The invention relates to an anti-corrosion coating for metal surfaces, which has a layer of an organic Corrosion inhibitor on the metal surface and a second layer of an inactive fluorine material the organic corrosion inhibitor.

Preferred organic corrosion inhibitors are benzotriazole derivatives, Cyclohexylamine, aniline, benzylamine, N-cyclohexyl-n-dodecylamine, Piperidine and di-n-butylamine. A preferred one inactive fluorine material is fluorinated acrylate.

In the drawing show:

Fig. 1 shows a cross section through a ceramic dielectric Prior art resonator;

Fig. 2 is a schematic representation of the method for measuring the change in contact resistance.

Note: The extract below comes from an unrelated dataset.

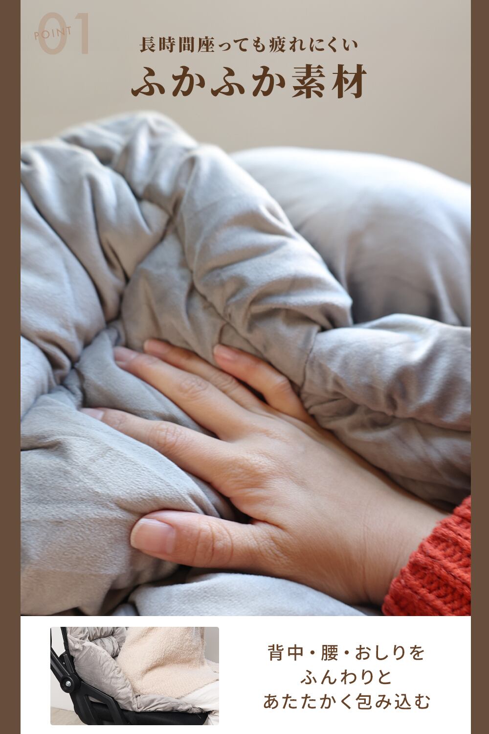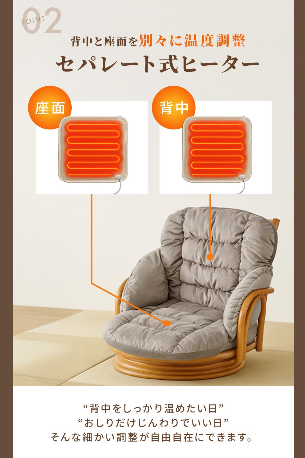 「背中はしっかりあたたかく、座面はほんのり」

The anti-corrosion coating according to the invention comprises an organic inhibitor layer on the metal surface and an inactive fluorine coating applied thereon. Metals to which the invention can be applied are e.g. copper, iron, silver, aluminum, tin, zinc, copper-zinc-tin alloys, Tin-lead alloys and corresponding combinations. The corrosion protection according to the invention are not only the surfaces of metal objects accessible, but also metal coatings, e.g. by electroplating, Electroplating without external current, with metal pastes or by dry means, e.g. by vacuum vapor deposition, sputtering or ion plating, manufactured coatings.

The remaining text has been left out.